Öğrenci C - “Ayşe Teyze’ye yardım ederdim.”
Öğrenci S - “İyilik yapmayı düşünürdüm.”
Soru 2: Ayşe Teyze, Betül’ün yardımı sonuncunda ne hissetmiş olabilir?
Öğrenci B - “Mutlu olmuştur.”
Öğrenci G - “Betül’e teşekkür etmiştir.”
Öğrenci I - “Betül onun poşetini taşıdığı için mutlu olmuştur ve ona teşekkür
etmiştir.”
Öğrenci E - “Yorulmamış, mutlu olmuştur.”
Soru 3: Betül, Ayşe Teyze’ye yardım etmeseydi, kendisini nasıl
hissederdi?
Öğrenci D - “Üzgün.”
Öğrenci A - “Yardım etmediği için üzülürdü.”
Öğrenci E - “Mutlu olmazdı.”
Öğrenci F - “Ayşe Teyze ona teşekkür etmezdi.”
Öğrenci C - “Kalbi parlamazdı.” (Sınıf öğretmenleri çocuklara daha önceki
derslerde, iyilik yapan çocukların kalbinin elmas gibi parladığını söylemiş.)
Öğrenci B - “Ayşe Teyze Betül’e dua etmezdi.”
125
Öğrenci K - “Yardım etmeyi düşünmediği için üzülürdü.”
Soru 4: Sen kendini Ayşe Teyze’nin yerine koysan, sana yardım edilince
ne hissederdin?
Öğrenci E - “Mutlu olurdum.”
Öğrenci C - “Teşekkür ederim kızım, derdim.”
Öğrenci A - “Betül’e poşetlerimi taşıdığı için dua ederdim.”
Öğrenci B - “Betül’e ‘Yaşlanınca sana yardım edenler olsun’ diye dua
ederdim.”
Öğrenci D - “Betül’ü öperdim.”
Öğrenci S - “Betül’e çok dua ederdim.”
Öğrenci I - “Sağol yavrum, derdim. Ona dua ederdim.”
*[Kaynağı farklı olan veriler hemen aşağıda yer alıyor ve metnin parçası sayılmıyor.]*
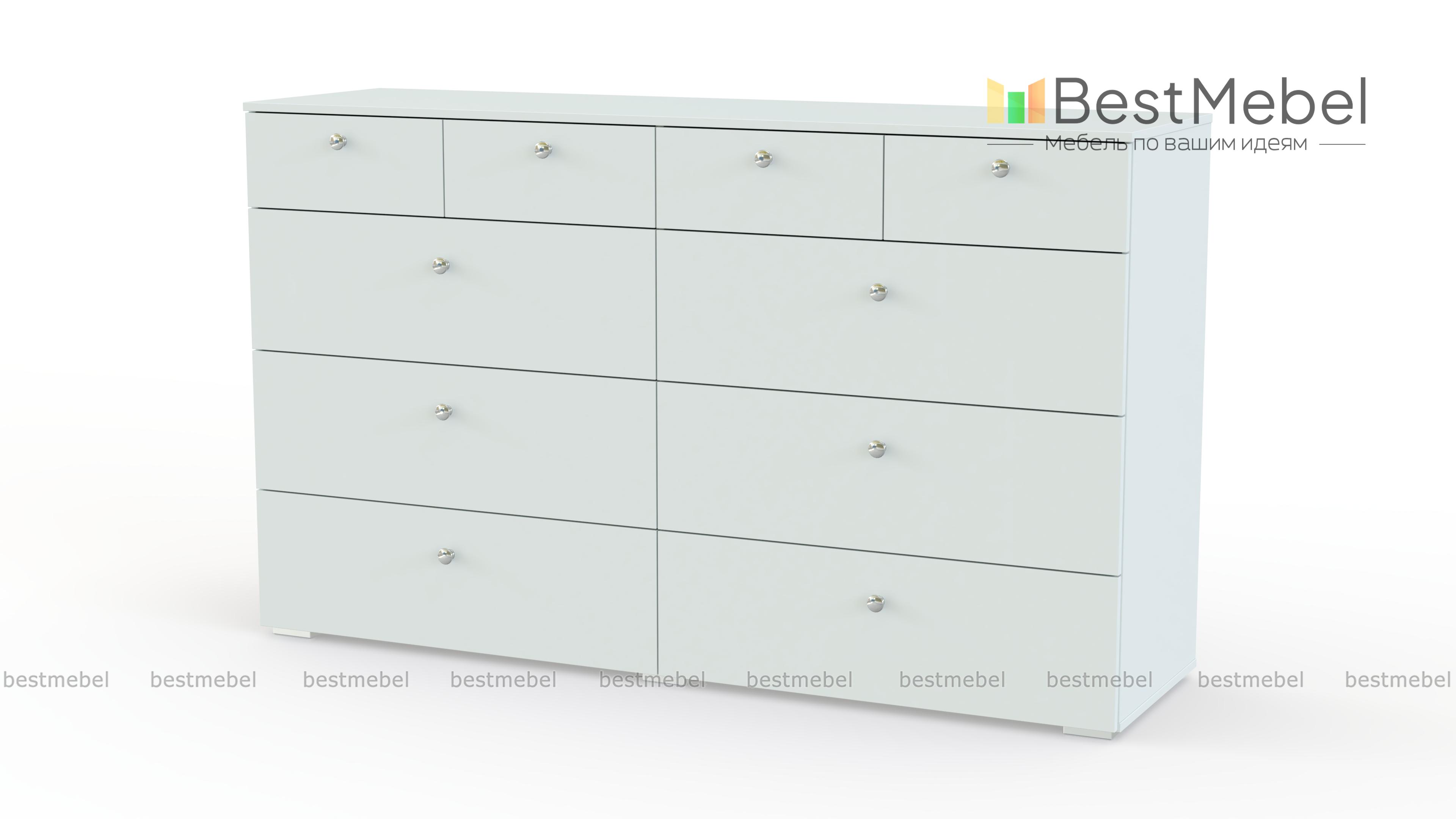 Комод Эдна 10 BMS поможет вам разместить как необходимые под рукой мелочи, так и постельное белье, одежду и аксессуары. Широкая модель с просторной столешницей оборудована четырьмя малыми выдвижными ящиками и шестью большими, оснащенными ручками-кнопками. Простой и функциональный дизайн в сочетании с исполнением в сером цвете делает модель универсальной для современных интерьеров. Купить комод Эдна 10 BMS приглашаем в наш интернет-магазин по доступной цене.

Öğrenci R - “Yorulmadığım için mutlu olurdum.”
Soru 5: Sence zor durumda olan birini görünce neden yardım etmeliyiz?
Öğrenci H - “Yardım edersem mutlu olur.”
Öğrenci I - “Yardım edince bana dua eder.”
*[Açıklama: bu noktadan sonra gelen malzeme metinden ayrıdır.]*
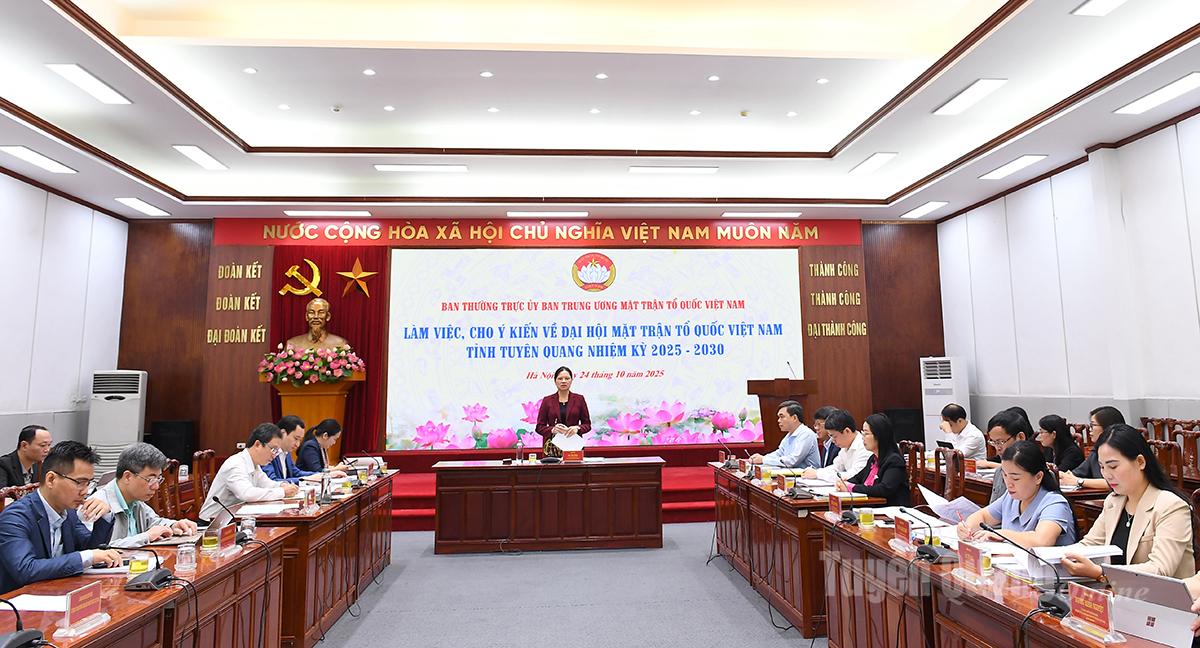 Tham dự buổi làm việc có các đồng chí: Ma Thế Hồng, Phó Bí thư Tỉnh ủy, Chủ tịch Ủy ban MTTQ Việt Nam tỉnh Tuyên Quang; Hà Trung Kiên, Ủy viên Ban Thường vụ Tỉnh ủy, Phó Chủ tịch Thường trực Ủy ban MTTQ Việt Nam tỉnh Tuyên Quang; lãnh đạo các ban chuyên môn Ủy ban Trung ương MTTQ Việt Nam và các cơ quan, đơn vị liên quan.

Öğrenci M - “Gözü görmeyen birini yolun karşısına geçiririm.”
Öğrenci T - “Poşetini taşıyamayan olursa yardım ederim.”
Öğrenci J - “Anne-babama pazar eşyalarını taşımaya yardım ederim. Yardım
edince, mutlu olurlar.”
Değerlendirme
Etkinlik öncesi sorulan sorulara verilen cevaplarda çocuklar somut örnek
vermemiş, aksine, içinde bulundukları duygu durumunu tarif etmişlerdir. Bu yüzden
verdikleri cevaplar çoğunlukla “Üzülürüm, canım sıkılır, ben de yardım ederim.” gibi
genel ifadeler olmuştur.
126
Drama etkinliği sonrasında çocuklara sorulan sorulara verilen cevaplarda ise,
daha çok olay merkezli cevaplar dikkati çekmiştir. Çocuklar oynadıkları yahut
izledikleri drama etkinliğinde geçen olaylardan etkilenmiş ve verdikleri cevaplarda
bu etki bariz şekilde kendini göstermiştir.
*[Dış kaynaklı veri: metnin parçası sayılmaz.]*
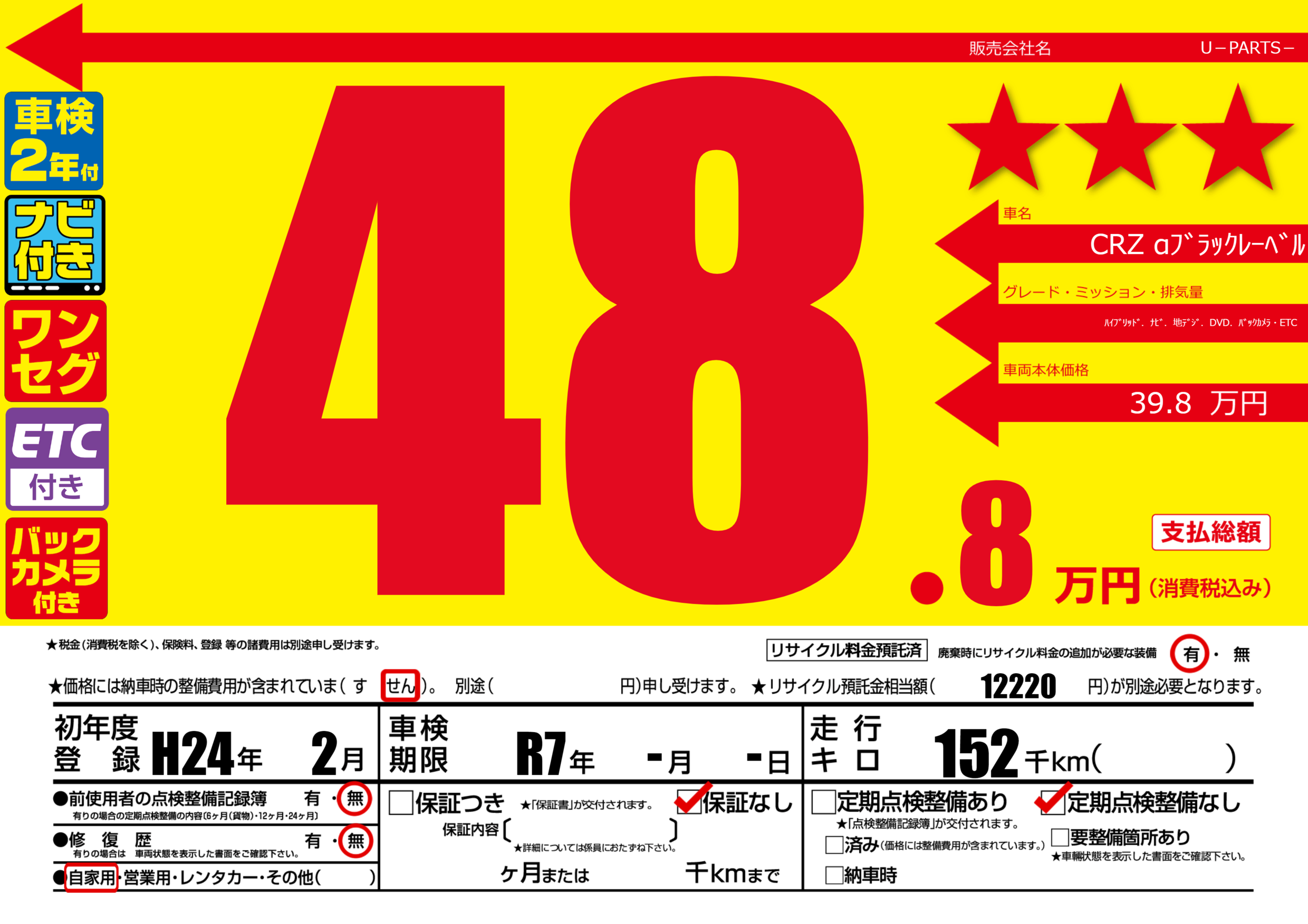 | 車名 | CRZ αブラックレーベル | グレード ミッション 排気量 |

Etkinlik sonunda çocuklar, zor durumda kalan bir kimse gördüklerinde
yardım etmeye istekli olmuşlar, hatta somut yaşantı örneğini farklı örnekler vererek
zenginleştirmişlerdir. Özellikle beşinci soruda aileme ve görme engelliye yardım
ederim cevabı, çocukların yardım konusunda bilinç geliştirmeye doğru yol aldıklarını
işaret etmektedir. Bu da oldukça sevindiricidir.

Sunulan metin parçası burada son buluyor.